"Because we wanted to continuously improve our invertible representation of chemical space, we needed a platform that would enable rapid experimentation along with ease of management,” said John Parkhill, director of machine learning at Terray. "DGX Cloud offered us a solution that worked seamlessly with the ease and simplicity of cloud. Its high-speed network, purpose-built for multi-node training, was particularly crucial for our needs. Because we’re dealing with datasets of terabytes or larger, we require significant computational resources to train our models effectively."
"Additionally, the ability to rapidly conduct trial-and-error experiments is highly valuable in our model development research, as identifying the most effective hyperparameters is often a challenging task. Fast job execution on DGX Cloud enabled us to quickly identify failures and make the necessary adjustments to the models. For instance, I could perform numerous ablation studies, such as disabling model features, to determine if, for example, altering elements of the transformer’s tokenizer is impactful or inconsequential," said Williams.
"Our process for setting up training jobs went from the hassle of manually pushing code to remote machines and ensuring synchronization to the simplicity of pressing ‘run’ on DGX Cloud. We didn't even have to modify our existing code by much. With the Base Command Platform, the orchestration of multi-node training jobs was essentially automated for us. This enabled us to scale in a way that would have been impossible.”
Having a fixed allocation of nodes on DGX Cloud also created greater efficiencies. "It's a very miserable experience constantly asking for GPU instances from traditional cloud services that they seem to be unable to make available. If I need a new node for an experiment I'm working on, I would not know if and when I would be able to get one. With DGX Cloud, I don't need to worry about that," said Williams.
"As a data scientist, my boundary is no longer a small GPU workstation; it's the entire cloud capacity of Terray.
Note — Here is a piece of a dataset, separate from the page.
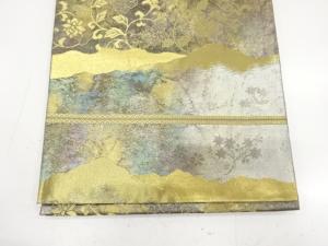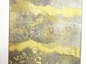 引箔 山並に菊・唐草模様織り出し 袋帯

DGX Cloud with Base Command Platform lets me go from a single node to a 32-GPU cluster with push-button simplicity,” Parkhill added. “DGX Cloud gives us the level of abstraction our developers need so they can focus on innovation instead of infrastructure.”
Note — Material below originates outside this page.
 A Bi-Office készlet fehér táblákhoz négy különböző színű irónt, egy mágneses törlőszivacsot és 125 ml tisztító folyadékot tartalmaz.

Terray leverages a hybrid solution approach, where they train and build their models on DGX Cloud and deploy and run inference on their on-prem cluster with NVIDIA RTX™ A6000 GPUs. As workloads spike, DGX Cloud provides elasticity and liquidity of resources.
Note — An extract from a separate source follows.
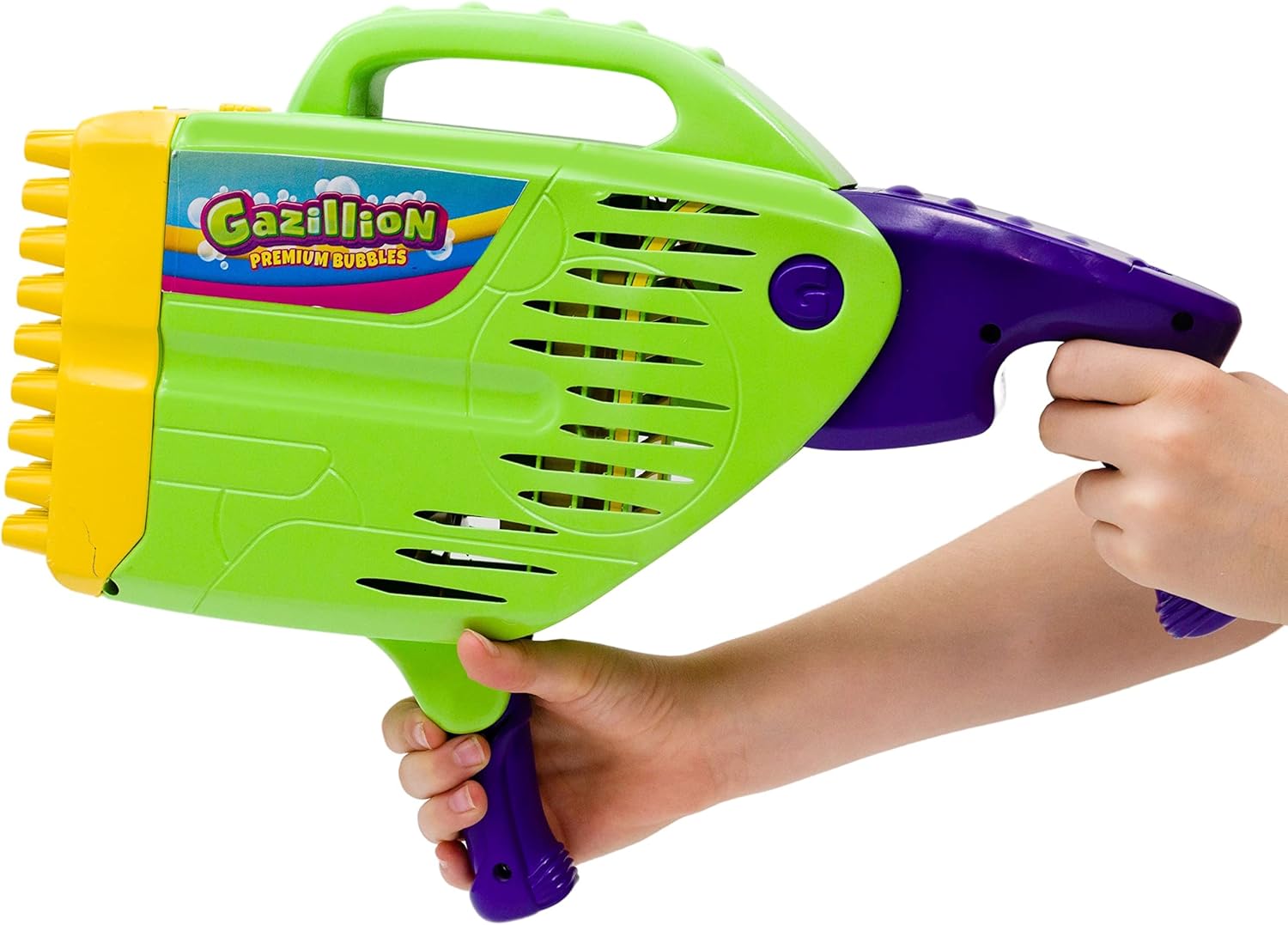 Get ready for a storm…of bubbles! The Gazillion Bubbles Stormin’ Bubble Blaster is our biggest blaster ever, and unleashes a flurry of big bubble fun! Simply dip the bubble blaster into a tray filled with Gazillion Bubbles top secret “super solution,” pull the trigger, and watch as a swarm of bubbles appears! Perfect for bubble battles and outdoor fun, the Stormin’ Bubble Blaster offers 5 seconds of continuous bubbles before needing to be re-dipped in solution! With Gazillion Bubbles, you’ll have tons and tons of bubble fun! Includes 8 oz. Gazillion Bubbles premium solution. Requires 6 AA batteries. Appropriate for ages 3 years and up.

"NVIDIA AI experts were key to our success." Williams said. "We had a dedicated expert inspecting our logs to ensure everything ran smoothly and identifying any issues. By identifying straightforward optimizations in PyTorch and CUDA® that we hadn't thought of, they significantly improved the efficiency of our workloads. Additionally, they assisted in developing scripts that provided valuable insights into telemetry data, allowing us to monitor memory activity and enhance performance. The support from NVIDIA AI experts allowed us to shift our focus from optimizing the process to conducting experiments, as this is primarily an R&D project."